With pleasure. Below is what the booklet AstronavPC 2001-2005 (which is
accompanied by a cdrom) has to say.

In emailese, I don't have the Greek letters or subscripts, but I will do my
best to substitute so that you can make sense of it. It follows directly
after 7.4, which is equivalent to section 11 in the Nautical Almanac,
"Position from intercept and azimuth by calculation", and uses the same
symbols. I presume you have a copy of that. My own comments will be in
[square brackets].

=================

"7.5. Estimated position error.

If three or more position lines are obtained an estimate of the error may
be calculated. The standard deviation of the estimated position sigma in
nautical miles is given by

sigma = 60 * square root of (S/ (n-2))

where S = F - DdB - EdL cos B(F)  [the F is a subscript, in the original]

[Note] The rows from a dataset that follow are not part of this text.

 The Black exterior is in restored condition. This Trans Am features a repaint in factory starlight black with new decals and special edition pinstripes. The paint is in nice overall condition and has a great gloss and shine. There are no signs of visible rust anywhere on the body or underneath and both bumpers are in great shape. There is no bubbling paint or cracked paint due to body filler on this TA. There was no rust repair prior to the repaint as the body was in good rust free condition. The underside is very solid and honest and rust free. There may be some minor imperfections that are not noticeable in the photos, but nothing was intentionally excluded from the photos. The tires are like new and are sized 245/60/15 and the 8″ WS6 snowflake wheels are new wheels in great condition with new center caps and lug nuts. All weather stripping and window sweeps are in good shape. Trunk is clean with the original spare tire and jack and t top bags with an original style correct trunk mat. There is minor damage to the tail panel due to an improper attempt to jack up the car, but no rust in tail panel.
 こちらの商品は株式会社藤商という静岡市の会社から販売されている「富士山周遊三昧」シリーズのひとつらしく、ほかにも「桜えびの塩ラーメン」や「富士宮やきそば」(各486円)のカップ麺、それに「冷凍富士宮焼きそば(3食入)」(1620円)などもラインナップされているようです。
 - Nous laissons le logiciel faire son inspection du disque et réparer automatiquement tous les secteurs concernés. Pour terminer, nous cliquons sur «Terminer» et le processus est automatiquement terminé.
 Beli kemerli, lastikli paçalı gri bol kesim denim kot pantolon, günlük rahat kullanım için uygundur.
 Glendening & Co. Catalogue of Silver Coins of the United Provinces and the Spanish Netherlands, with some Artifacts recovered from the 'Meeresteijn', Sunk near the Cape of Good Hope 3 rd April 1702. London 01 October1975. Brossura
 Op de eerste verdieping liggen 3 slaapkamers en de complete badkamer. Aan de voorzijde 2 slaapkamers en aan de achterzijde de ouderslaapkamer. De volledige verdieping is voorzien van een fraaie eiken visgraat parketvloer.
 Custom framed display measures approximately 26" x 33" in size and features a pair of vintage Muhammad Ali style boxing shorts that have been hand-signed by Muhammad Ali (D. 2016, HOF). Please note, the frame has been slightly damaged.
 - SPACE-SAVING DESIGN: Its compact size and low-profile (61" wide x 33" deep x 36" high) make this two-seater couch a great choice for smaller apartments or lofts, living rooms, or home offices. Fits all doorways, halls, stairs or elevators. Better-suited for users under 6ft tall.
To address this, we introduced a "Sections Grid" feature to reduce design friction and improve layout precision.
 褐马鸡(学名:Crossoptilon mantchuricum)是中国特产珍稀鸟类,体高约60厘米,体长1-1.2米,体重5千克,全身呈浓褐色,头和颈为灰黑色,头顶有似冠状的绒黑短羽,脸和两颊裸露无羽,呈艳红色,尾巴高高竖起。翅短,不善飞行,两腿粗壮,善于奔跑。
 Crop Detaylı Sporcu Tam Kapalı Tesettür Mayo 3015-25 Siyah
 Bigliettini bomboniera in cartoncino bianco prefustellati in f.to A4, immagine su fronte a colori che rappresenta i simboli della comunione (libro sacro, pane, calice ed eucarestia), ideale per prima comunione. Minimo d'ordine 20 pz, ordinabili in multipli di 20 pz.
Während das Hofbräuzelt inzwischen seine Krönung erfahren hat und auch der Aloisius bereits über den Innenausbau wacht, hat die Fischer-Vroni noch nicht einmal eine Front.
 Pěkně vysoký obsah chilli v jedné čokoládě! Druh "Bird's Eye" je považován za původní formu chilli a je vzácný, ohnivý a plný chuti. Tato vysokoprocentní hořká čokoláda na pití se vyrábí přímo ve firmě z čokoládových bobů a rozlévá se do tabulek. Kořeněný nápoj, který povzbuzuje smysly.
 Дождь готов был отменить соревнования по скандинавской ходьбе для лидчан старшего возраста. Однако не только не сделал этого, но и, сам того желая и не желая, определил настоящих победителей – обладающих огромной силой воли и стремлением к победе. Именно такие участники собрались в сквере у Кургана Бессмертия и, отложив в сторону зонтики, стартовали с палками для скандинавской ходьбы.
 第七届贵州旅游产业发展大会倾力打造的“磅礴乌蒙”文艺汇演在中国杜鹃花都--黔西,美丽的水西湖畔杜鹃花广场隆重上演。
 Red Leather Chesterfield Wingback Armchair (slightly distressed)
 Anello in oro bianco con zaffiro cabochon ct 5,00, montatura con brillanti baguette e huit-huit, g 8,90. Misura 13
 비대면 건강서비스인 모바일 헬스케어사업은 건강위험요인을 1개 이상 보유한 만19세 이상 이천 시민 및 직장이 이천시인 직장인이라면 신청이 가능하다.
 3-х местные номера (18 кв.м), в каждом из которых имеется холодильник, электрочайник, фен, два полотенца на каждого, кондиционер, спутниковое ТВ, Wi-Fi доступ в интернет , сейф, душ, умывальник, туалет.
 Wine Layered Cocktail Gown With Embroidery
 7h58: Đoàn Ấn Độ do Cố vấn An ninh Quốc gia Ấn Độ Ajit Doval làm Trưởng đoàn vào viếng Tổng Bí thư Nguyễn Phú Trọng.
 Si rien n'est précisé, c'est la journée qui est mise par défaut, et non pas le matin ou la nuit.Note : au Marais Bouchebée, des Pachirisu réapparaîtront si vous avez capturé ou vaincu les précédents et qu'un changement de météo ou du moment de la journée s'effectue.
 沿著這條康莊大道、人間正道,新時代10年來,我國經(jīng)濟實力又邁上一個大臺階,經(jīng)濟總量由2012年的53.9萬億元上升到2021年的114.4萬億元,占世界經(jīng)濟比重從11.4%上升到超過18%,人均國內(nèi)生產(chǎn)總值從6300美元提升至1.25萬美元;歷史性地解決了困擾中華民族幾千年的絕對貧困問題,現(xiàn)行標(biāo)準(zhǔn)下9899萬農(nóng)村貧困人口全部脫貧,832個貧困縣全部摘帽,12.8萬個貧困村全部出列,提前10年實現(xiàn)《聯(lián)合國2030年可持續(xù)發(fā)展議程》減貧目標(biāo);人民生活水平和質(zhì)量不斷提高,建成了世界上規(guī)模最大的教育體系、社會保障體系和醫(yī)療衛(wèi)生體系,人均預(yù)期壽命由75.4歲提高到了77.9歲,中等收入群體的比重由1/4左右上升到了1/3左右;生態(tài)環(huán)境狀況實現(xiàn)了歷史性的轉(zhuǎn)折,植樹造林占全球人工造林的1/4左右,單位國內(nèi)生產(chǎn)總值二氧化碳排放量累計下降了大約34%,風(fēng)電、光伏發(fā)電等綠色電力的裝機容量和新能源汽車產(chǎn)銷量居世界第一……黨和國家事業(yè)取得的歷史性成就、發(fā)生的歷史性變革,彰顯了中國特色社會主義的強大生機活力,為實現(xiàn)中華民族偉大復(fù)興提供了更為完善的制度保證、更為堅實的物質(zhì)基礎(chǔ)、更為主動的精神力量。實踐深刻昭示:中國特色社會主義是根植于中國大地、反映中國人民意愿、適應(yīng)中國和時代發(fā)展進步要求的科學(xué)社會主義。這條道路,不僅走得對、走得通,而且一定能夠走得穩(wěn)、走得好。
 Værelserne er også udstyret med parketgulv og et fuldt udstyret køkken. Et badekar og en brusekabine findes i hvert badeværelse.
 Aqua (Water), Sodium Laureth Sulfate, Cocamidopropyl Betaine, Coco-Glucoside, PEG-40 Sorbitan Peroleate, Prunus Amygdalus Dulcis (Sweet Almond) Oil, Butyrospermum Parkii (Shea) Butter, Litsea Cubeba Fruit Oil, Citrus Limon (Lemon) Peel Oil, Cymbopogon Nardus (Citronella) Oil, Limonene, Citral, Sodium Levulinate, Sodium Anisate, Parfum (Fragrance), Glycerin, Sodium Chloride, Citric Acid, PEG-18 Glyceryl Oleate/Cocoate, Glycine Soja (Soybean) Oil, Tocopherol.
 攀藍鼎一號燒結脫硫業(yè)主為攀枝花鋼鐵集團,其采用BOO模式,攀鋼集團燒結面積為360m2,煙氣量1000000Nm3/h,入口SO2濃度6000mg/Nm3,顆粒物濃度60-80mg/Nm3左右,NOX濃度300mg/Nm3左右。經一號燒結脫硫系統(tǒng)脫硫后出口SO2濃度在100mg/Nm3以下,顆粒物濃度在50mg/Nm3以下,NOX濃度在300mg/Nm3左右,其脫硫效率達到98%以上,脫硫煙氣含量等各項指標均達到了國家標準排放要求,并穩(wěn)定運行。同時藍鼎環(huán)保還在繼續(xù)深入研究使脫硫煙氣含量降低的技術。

The standard deviations sigma(L) and sigma(B) in longitude and latitude are
given by

sigma(L) = sigma * square root of (A/G)  [this is in error by a factor of
cos lat, I suggest, if it's to be expressed in units of longitude rather
than units of distance)]

sigma(B) = sigma * square root of (C/G)

In general as the number of observations increases the error in the
estimated position decreases. Statistical theory shows that the estimated
position has a probability P of lying within a confidence ellipse which is
specified by the lengths of its axes a and b and the azimuth theta of the
a-axis, where

Tan 2*theta = 2B/(A - C)
a = sigma*k/(square root of (n/2 + B/sin 2*theta))
b = sigma*k/(square root of (n/2 - B/sin 2*theta))
and k = square root of(-2 * (log to the base e of(1-P))) is a scale factor.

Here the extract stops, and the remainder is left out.